RTVV was always 'controlled' by the government but now the journalists are making the sort of television they should have been making before.
What about the news that Spain has decided to reinstate grants for university students studying abroad on the European Erasmus program?
Erasmus has made Europe a better place in terms of connecting people.
Many of the Spaniards who go on to survive and succeed in other parts of the world have come through Erasmus.
In terms of the government's decision to pay out people's grants this year, well of course it's good news.
But those people were already overseas and had budgeted on getting a certain amount of money. They were already studying when they found out when they weren't going to get that money, which is just unfair.
At the same time, it has to be said that the grants themselves are very small.
And have there been any international news stories that have captured your attention recently?
There was the story of the young Spaniards stranded in Germany (after the jobs promised to them by an employment agency didn't eventuate).
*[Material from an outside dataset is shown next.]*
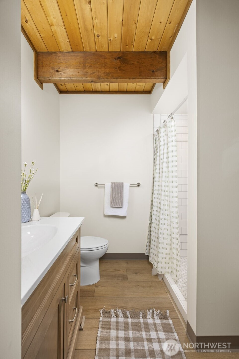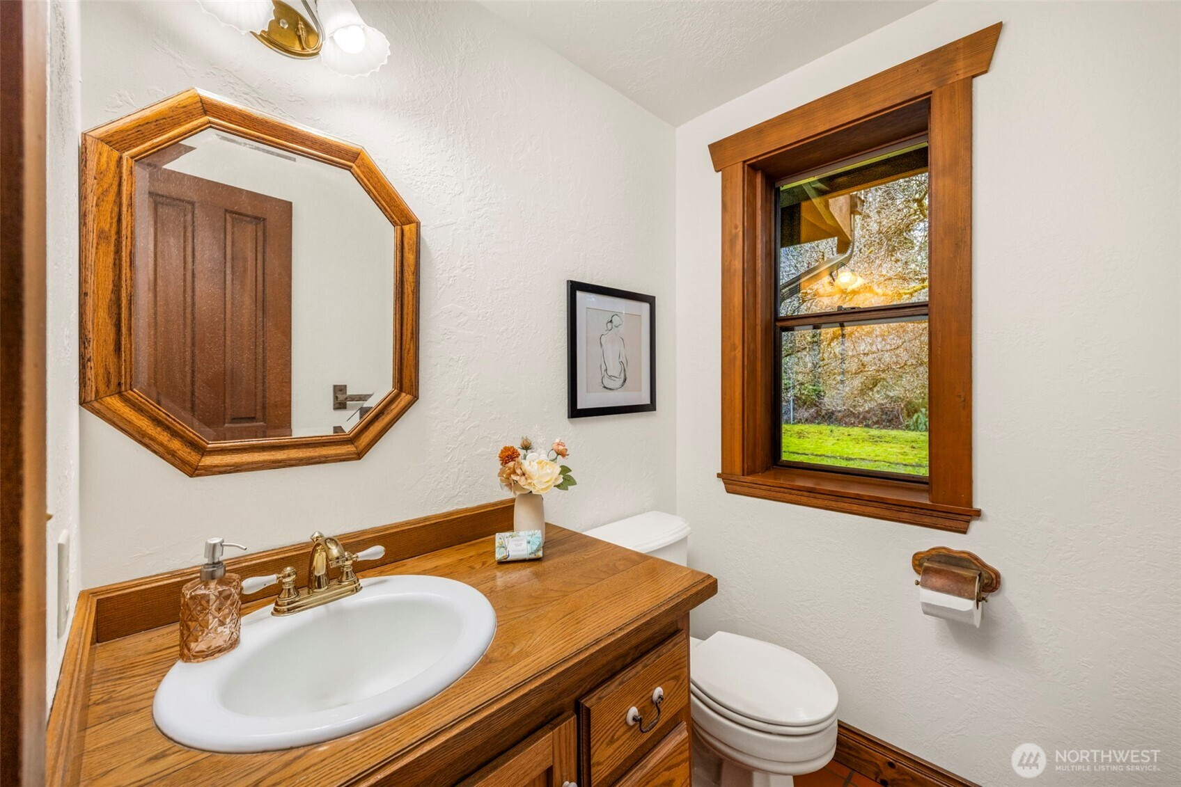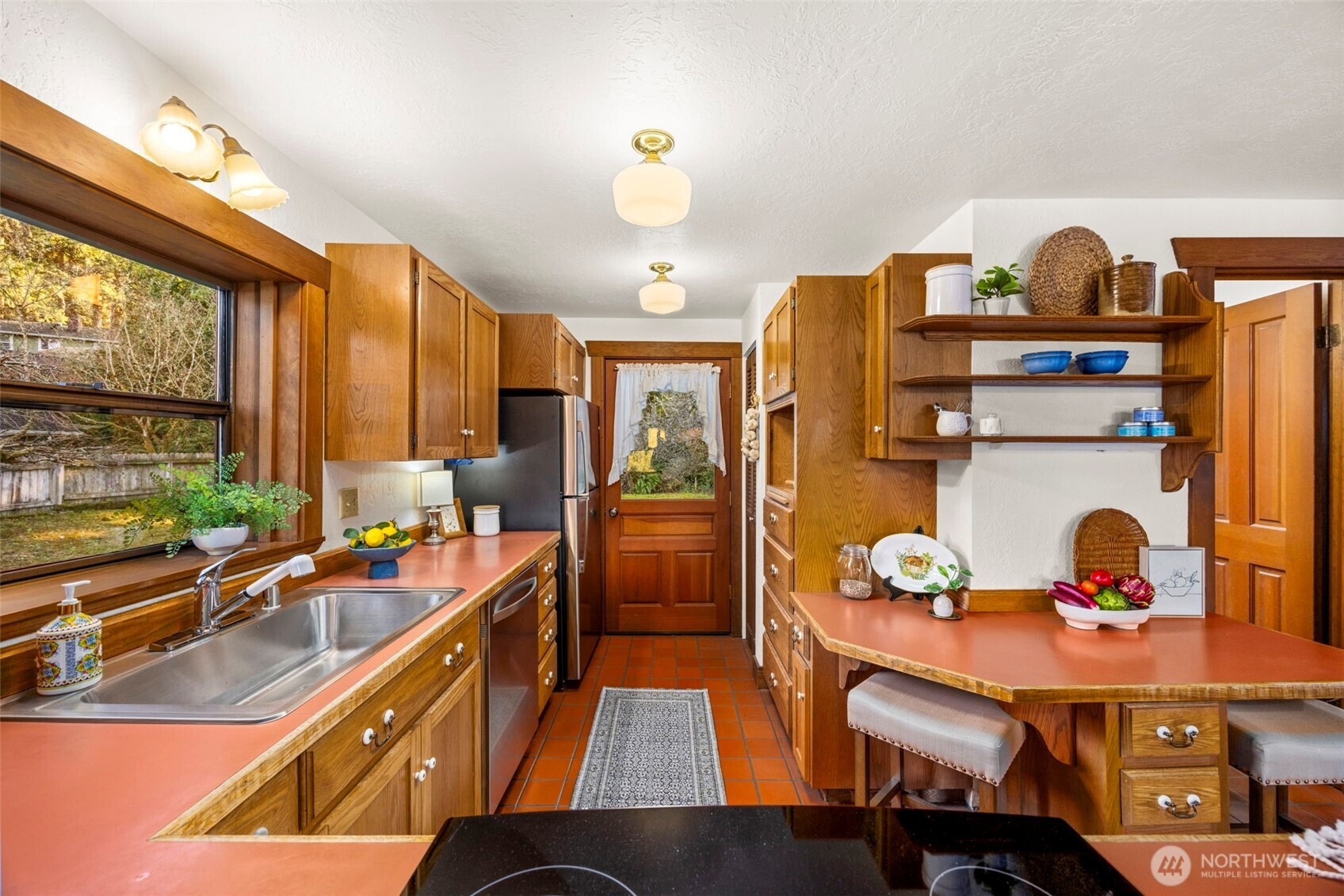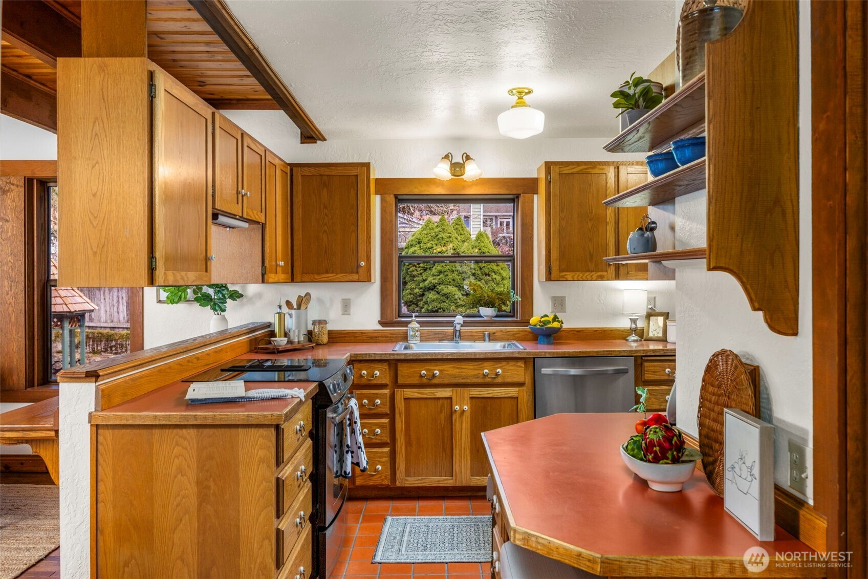 Wonderfully unique, one owner 3BR + Bonus Victorian chalet with absolutely gorgeous comfortable aesthetic. Custom built, quality construction, top to bottom. This home has all the charm, character, space and flow for enjoying special moments with loved ones inside & out. Pride of ownership shows at every turn: Pristine hardwood floors, warm tongue and groove pine ceilings & refined exposed wood beams. Spacious welcoming dining opens to kitchen, enchanting living room w/ beautiful built-ins, oversize airy sitting room off kitchen w/ vaulted ceilings, skylights & wood stove. New carpet, lvp, interior paint and recently updated bathrooms with custom tile. Light and bright 500+ SF, west-facing deck off living room + big level yard, perfect for summer fun and enjoyment. Lower level family room plus 2 additional BR's, 3/4 bath and walk out to yard. Solid wood windows with wood wrap. Efficient Mini-splits for heat and AC. RV parking. This large elevated lot is nestled in a quiet wooded Central Kitsap neighborhood. Mins to Silverdale/Bremerton shopping & bases. Award winning CK Schools.

One of the things I've discovered is the rest of the world now knows about the rest of the problems and is starting to take advantage of them.
For example, three years ago, Chinese firms were offering Spanish architects contracts paying €2,000 a month, and now they are offering €600 a month.
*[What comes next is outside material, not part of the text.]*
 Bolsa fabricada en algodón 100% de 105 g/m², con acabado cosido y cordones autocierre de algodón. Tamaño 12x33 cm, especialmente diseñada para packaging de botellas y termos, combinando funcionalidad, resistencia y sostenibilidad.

You're making a film about Spaniards living abroad because of the crisis. Can you tell us about it?
It's the story of my generation.
I'm 27. I went to college when the world was a happy place, and full of money.
But when we finished we realized there were no opportunities. It was all a lie.
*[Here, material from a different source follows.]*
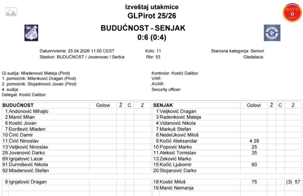 Veliki Jovanovac: Budućnost – Senjak 0:6 (0:4)

Spanish Exile (Españoles en el Exilio) teaser.
And what gave you the idea for the film?
It started when I noticed in Facebook that every week a couple of my friends were writing messages saying they were leaving Spain.
The migration didn't start straight away. For a while people waited, thinking the jobs might come. But around 2009 (two years after the start of Spain's crisis), it became clear.
And we are talking about a lot of people here.
The government figures say around 200,000 young people have left, but other reports (like that of CERA) put this number much higher.
Why aren't more Spaniards leaving?
Spaniards are very attached to their family, their land and their culture.
Family is central to life here, and people don't migrate much within Spain, let alone moving overseas.
That's very different to the US where people think nothing of going to university in Florida, for example, and then moving to California.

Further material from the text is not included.